Transverse Mass: The transverse mass of an event can be thought of in very simple terms as how heavy an event is. Transverse mass is calculated by adding up the mass and transverse momenta of all particles produced in a collision.
Transverse Sphericity: The sphericity of an event is a measure of how close the spread of energy in the event is to a sphere in shape. An event that appears to be completely smoothly distributed in three dimensions is spherical and has a sphericity of 1. An event that is clumpy and irregular is closer to having sphericity 0.
Centrality: This is similar to sphericity, but is more a measure of how much of the ‘event’ is contained within the central part of the detector. By the ‘central’ part of the detector we mean the disk (ATLAS is cylindrical) that passes through the collision point.
Electromagnetic Fraction: The ATLAS energy detectors are called calorimeters, and there are two types of calorimeter. One of them is designed to measure the energy of particles, which, interact via the electromagnetic force, and the other is designed to measure the energy of particles, which interact ‘hadronically’ via the strong nuclear force. The electromagnetic fraction is calculated by dividing the energy detected in the electromagnetic calorimeter by the total energy detected.
Missing Energy Fraction: ATLAS is designed to be able to detect pretty much any kind of particle. A neutrino, however, is not directly detectable by any part of ATLAS. This funny little particle refuses to interact with anything. Billions of them are passing through your body as you read this, mostly coming from the sun. They will fly right through planet earth without even noticing it is there. The only way we can detect neutrinos with ATLAS is to look at the spread of detectable energy in the detector and try to balance it according to the laws of conservation of energy and momentum.
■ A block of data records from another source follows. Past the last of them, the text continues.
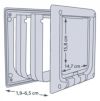 猫ちゃんのためのプラスチックキャットドア。透明なフラップで静かなアクションが可能です。特別なシーリングと磁気ロック付きで安全ロック付き。 ドアや壁の幅に合わせて2個のトンネルが付属しています。奥行はトンネル仕様で最大1.9-6.5 cm サイズ21×21 cm カットサイズ16.2×17cm フラップサイズ14.7×15.8 cm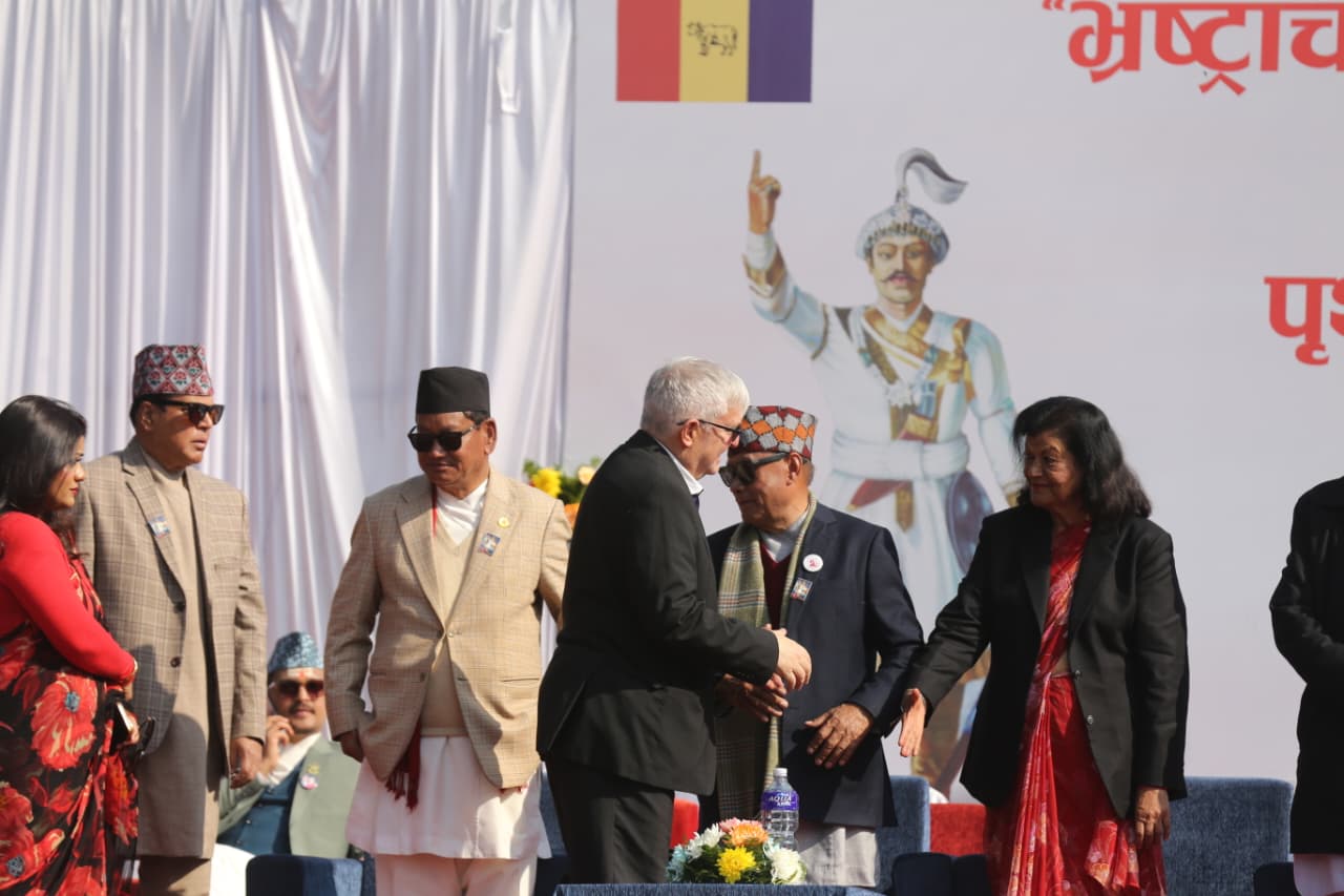 त्यसअघि पृथ्वीनारायणको ३०४औँ जन्मजयन्तीका अवसरमा रामचन्द्र पौडेलले राष्ट्रनिर्माताको सालिकमा पुष्पहार अर्पण गरेका थिए।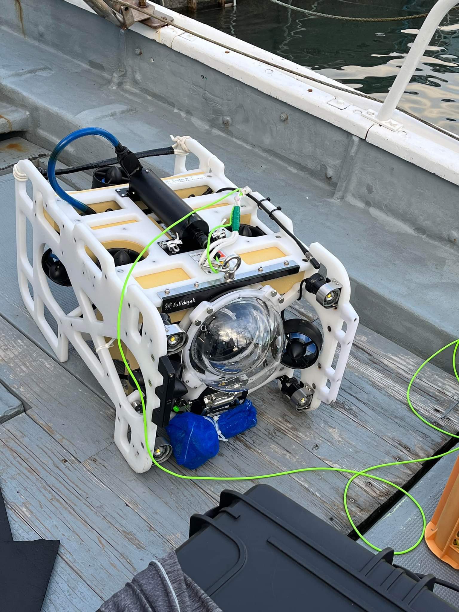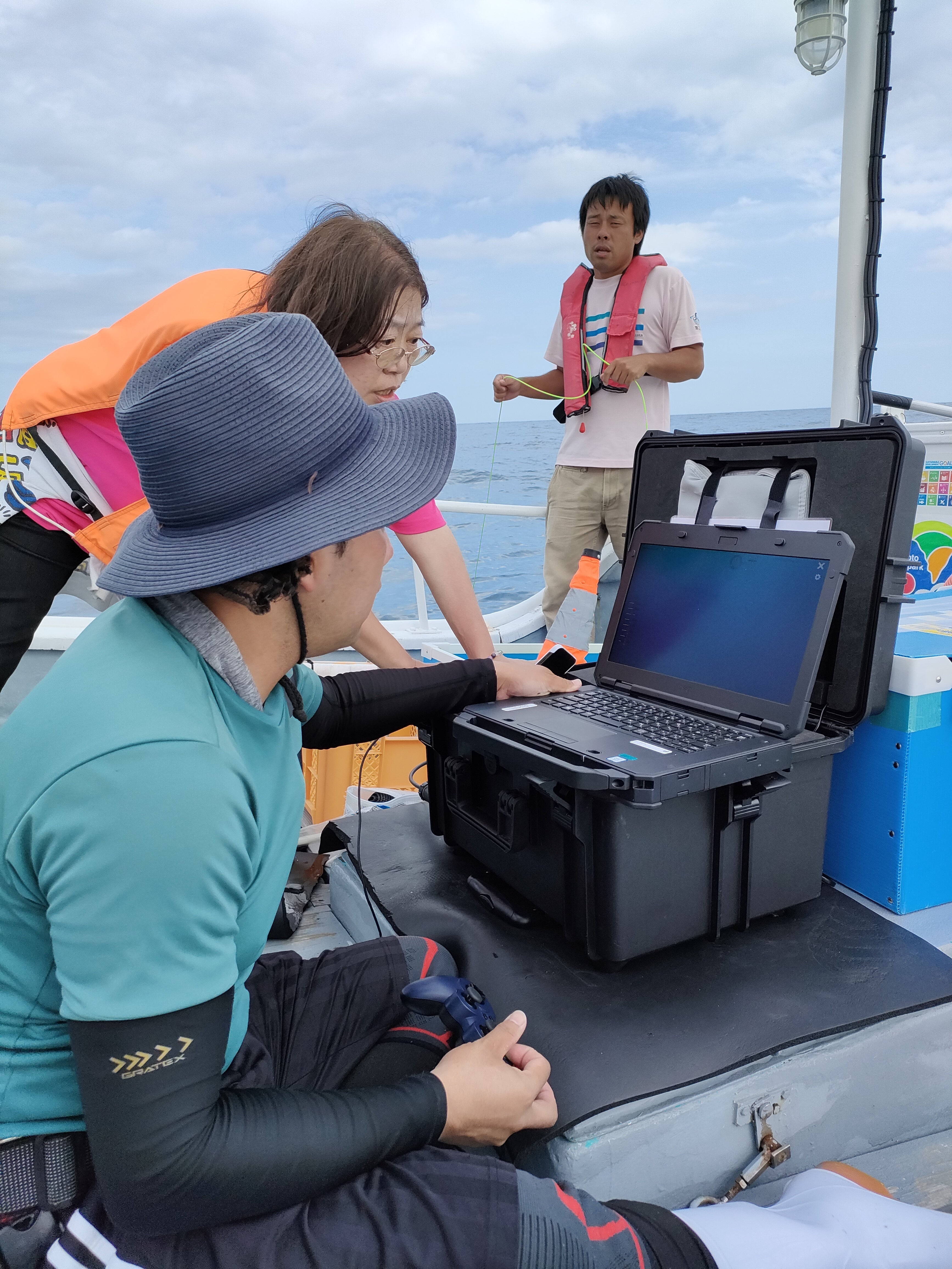 漁船に乗って、船の上から水中ドローン搭載カメラで深海を調査します。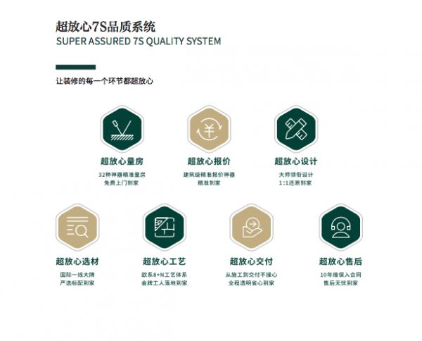 东易日盛对客户推出“7S品质系统”,包括超放心量房、超放心报价、超放心设计、超放心选材、超放心工艺、超放心交付、超放心售后。通过七大版块49项服务,为业主提供超放心装修体验。国家质保是2年,东易日盛延长至10年,出现任何问题都可以找售后解决,整个过程都按照施工计划严格执行,让每个家都安全环保,放心居住。

We calculate the amount of energy carried by the neutrino(s) produced in a collision and subsequent particle decays and divide this by the total detectable energy in an event.

One challenge I had with trying to map the data to a reasonable correlate of my instrument parameters was that the hadronization process occurs so rapidly that the detectors cannot capture the timing. Upon discovering this I considered abandoning the project because it seemed there was no way to reasonably represent the events without such fundamental information. However, after further consideration, it was decided that the data that was provided could be in part mapped to the timing pfields of the score even though it was not an actual aspect of the timing relationships. Though this constraint was unexpected, it actually worked out quite nicely.
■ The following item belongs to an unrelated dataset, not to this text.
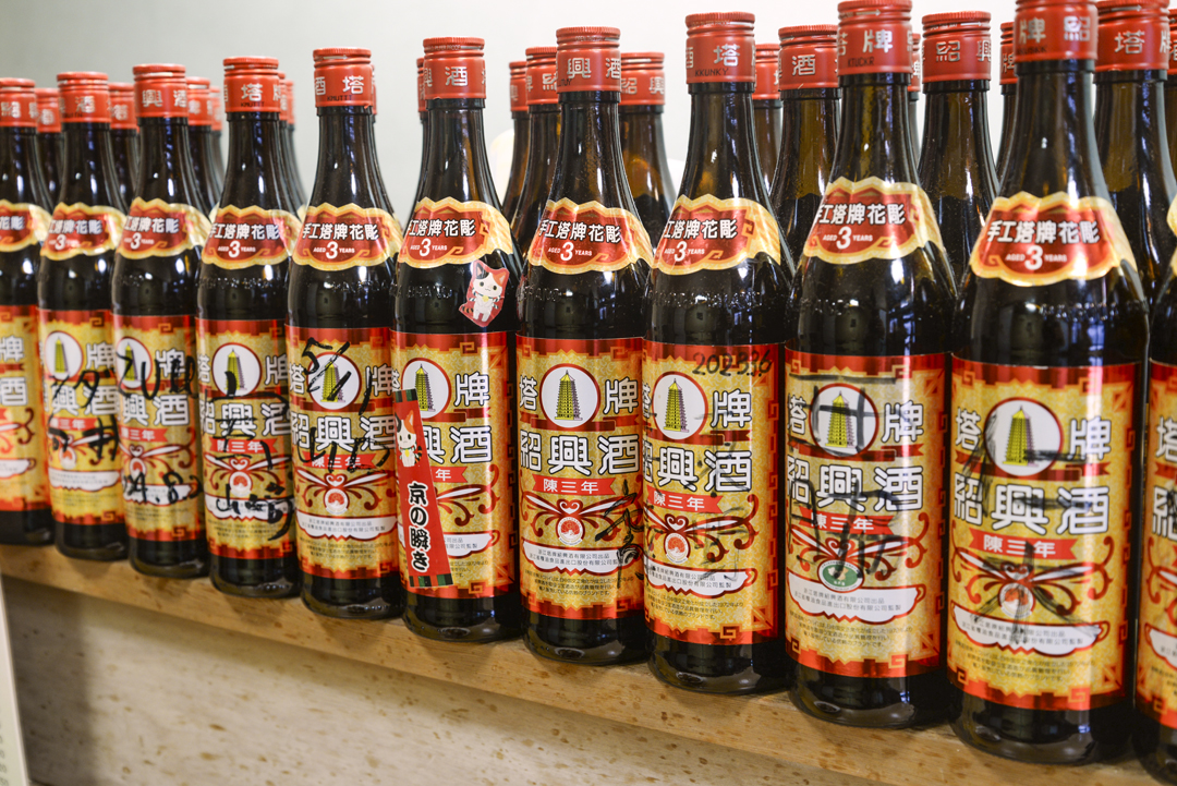 カウンターの上には、常連客がボトルキープした紹興酒がずらり

I proceeded to organize eight columns and almost three thousand rows of data into the beginnings of a score by using a spreadsheet. When possible, I chose parameters of the LHC data that seemed to resemble the parameters of the Csound instrument when mapping it to the score. So for instance, the Transverse Mass seemed to most directly correlate to amplitude. Sphericity seemed to be a spatial parameter and so was used in determining aspects of the panning.